Data Engineer: Getting to the heart of the data
Sometimes referred to as the "Big Data engineer", the data engineer is the first actor in the data processing process. His or her work comes upstream of that of the data scientist, directly after the technical infrastructure has been implemented by the architects and administrators.
As an engineer, he designs and builds, but in a very specific field: that of data. Thus, his daily work will consist of connecting to several data sources, crossing data, performing data cleansing operations, filters, managing the storage of data in different databases, managing various kinds of data formats, and potentially producing cross-referenced reports of these data. Its missions
- Develop and implement processes for data collection, organization, storage and modeling.
- Ensure access to and quality of various sources and data.
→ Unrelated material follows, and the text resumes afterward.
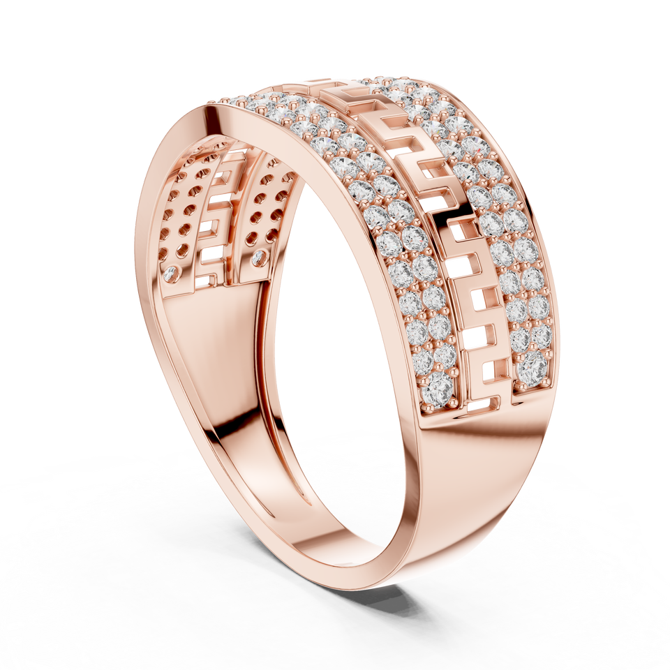 Bague de luxe en or rose 18 carats plaqué rhodium avec diamant de synthèse taillé motif clé grecque impériale, pour mariage, fiançailles, cadeau, usage quotidien ou bureau, pour homme
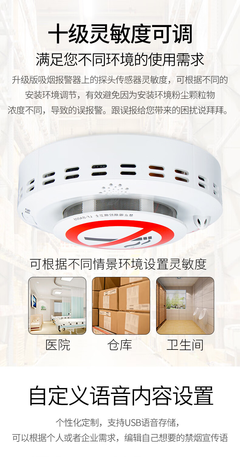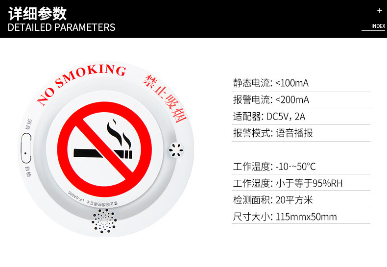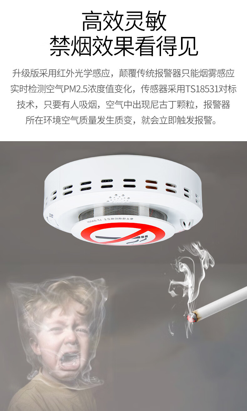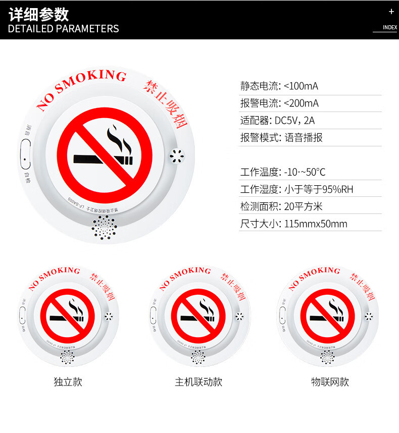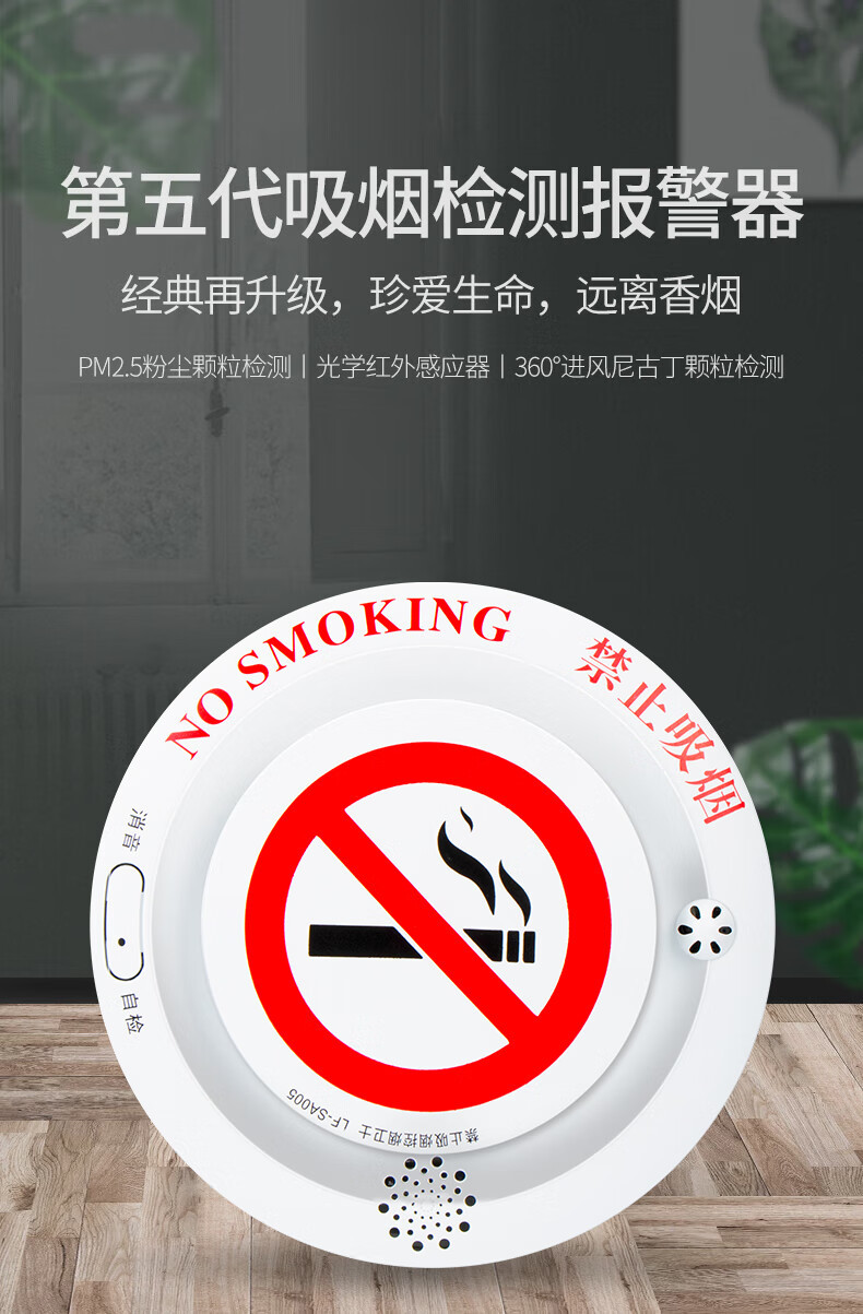 DC5V套LFANG/凌防SA005吸烟探测报警器套装(联动款)-含报警器×1+遥控器×1+电源×1+声光报警器×1

- Put into production the predictive models created by the data scientists
Its key competencies
- Master database management languages and tools such as Java, Python, R, SQL, NoSQL, Hadoop
- Understand and know how to apply data modeling techniques
- Have strong computer development skills and know how to code cleanly
An inspiring data engineer
A good example of a data engineer is Jeffrey Dean, nicknamed Jeff Dean. He worked on MapReduce, a system to process high volume data, much used by data engineers. He also worked on other systems known to the data community like Bigtable, an important service of Google Cloud, or Tensorflow, essential today as a prediction tool.